Эржебет не вернулась в постель, спать она все равно не смогла бы. Да и нехорошо как-то было бы — она лежит себе на кровати, а ее собака в агонии распростерта на голом полу, в пыли и паутине, под шкафом, в темноте. Если бы Ники могла по крайней мере совершить это последнее деяние где-нибудь на воле, на крупитчатой, мягкой земле, чтобы последними содроганиями своими укрыть себя в общей для всего живого могиле! Жена инженера с чисто женской трезвостью подходила к вопросу жизни и смерти — особенно теперь, когда и сама не слишком цеплялась за жизнь, — но это не приглушало в ней чуткого понимания, что бывает недостойная жизнь и недостойная смерть. Отчаяние ее в значительной мере происходило оттого, что она не могла исполнить женское свое призвание, не могла помочь — ни здесь, ни там.

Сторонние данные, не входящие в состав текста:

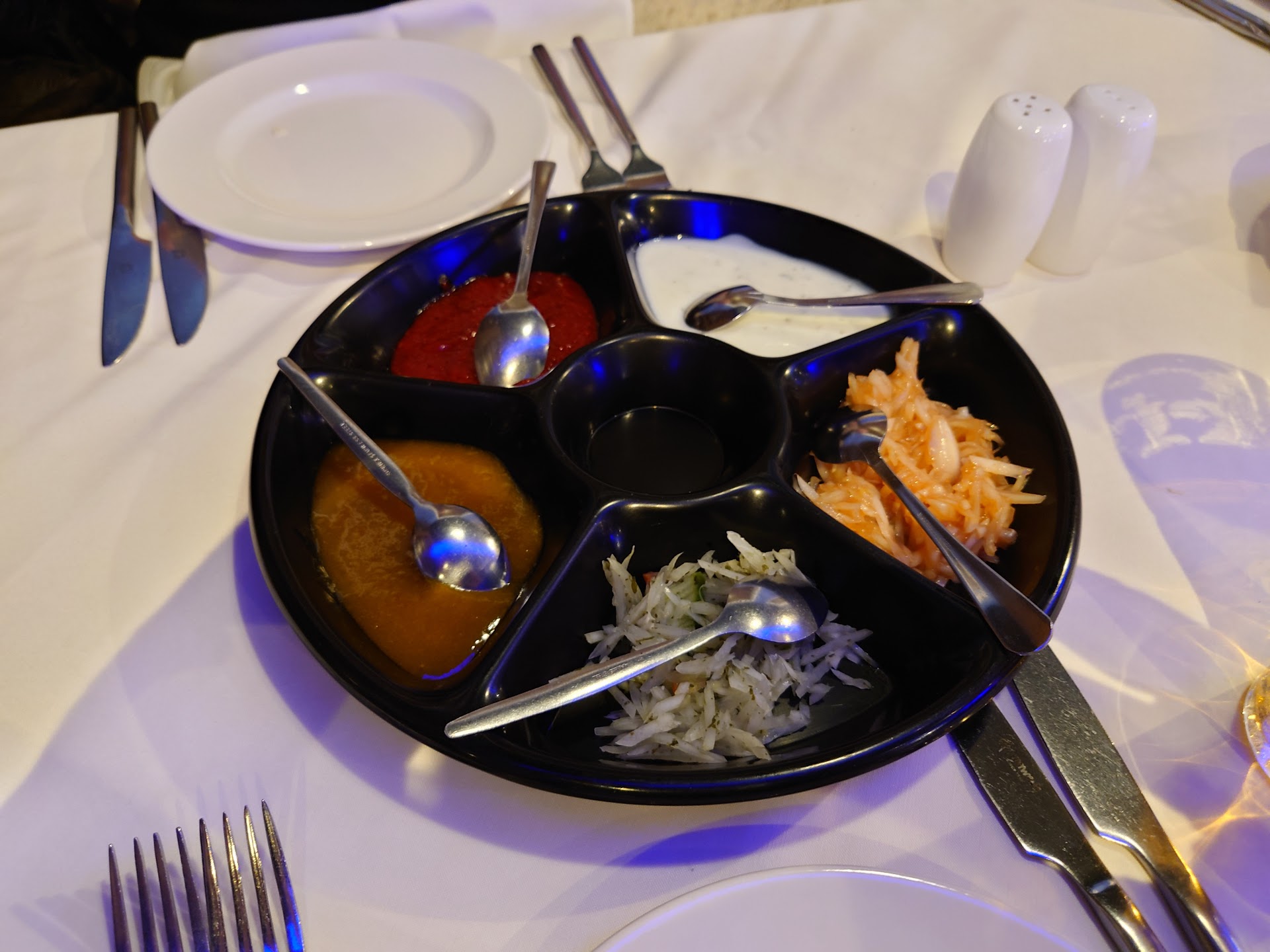 Same goes for the chutney tray - small portions of about 5 different things but a little overcomplicated. Only suitable for about 3 poppadoms before you run out.

Она до утра просидела в репсовом кресле, возле окна, сквозь которое процеживался серебристый свет ярких фонарей на площади Мари Ясаи. Под утро она задремала, быть может, надеясь, что Ники, услышав ее ровное, сонное дыхание, все же надумает выбраться на свет божий. Проснулась от громких голосов в передней, услышала шаги, вдруг дверь в ее комнату без стука отворили. Вошел ее муж с букетиком первоцвета в руке.
И вот они оба, прислушиваясь, стоят возле шкафа. Инженер, которому пришлось за эти пять лет кое-что пережить, который с необыкновенным самообладанием перенес все физические и нравственные унижения, видимо, был слишком сейчас взволнован возвращением домой и потому потерял контроль над собой: узнав о смерти собаки, он разрыдался. Теперь уже не приходится сомневаться, что Ники лежит под шкафом мертвая и бездыханная: ведь услышь она голос хозяина, из последних сил выползла бы ему навстречу.
Припав плечом к шкафу, Янош Анча старается унять слезы: он смотрит на покинутую в углу подстилку, валяющуюся на ней сухую хлебную корку. Жена судорожно его обнимает: сейчас она понимает только то, что ей вернули мужа. Сто раз она спрашивает и спрашивает, как он вышел на свободу и когда узнал наконец, что скоро будет свободен, здоров ли, не хочет ли есть, прилечь, поспать. Инженер молча сжимает ее руки.
— Но в конце-то концов ты узнал, за что тебя посадили?
— Нет, не узнал, — говорит инженер.
— И о том не узнал, почему выпустили?
— Нет, — говорит инженер. — Мне не сказали.
Жена его все еще стоит спиною к шкафу. Но она знает, ей предстоит тяжкая задача — похоронить Ники. И в память о коротенькой ее жизни, поскольку фотографии собаки у них нет, она сохранит тот камень, который на днях обнаружила под ковром.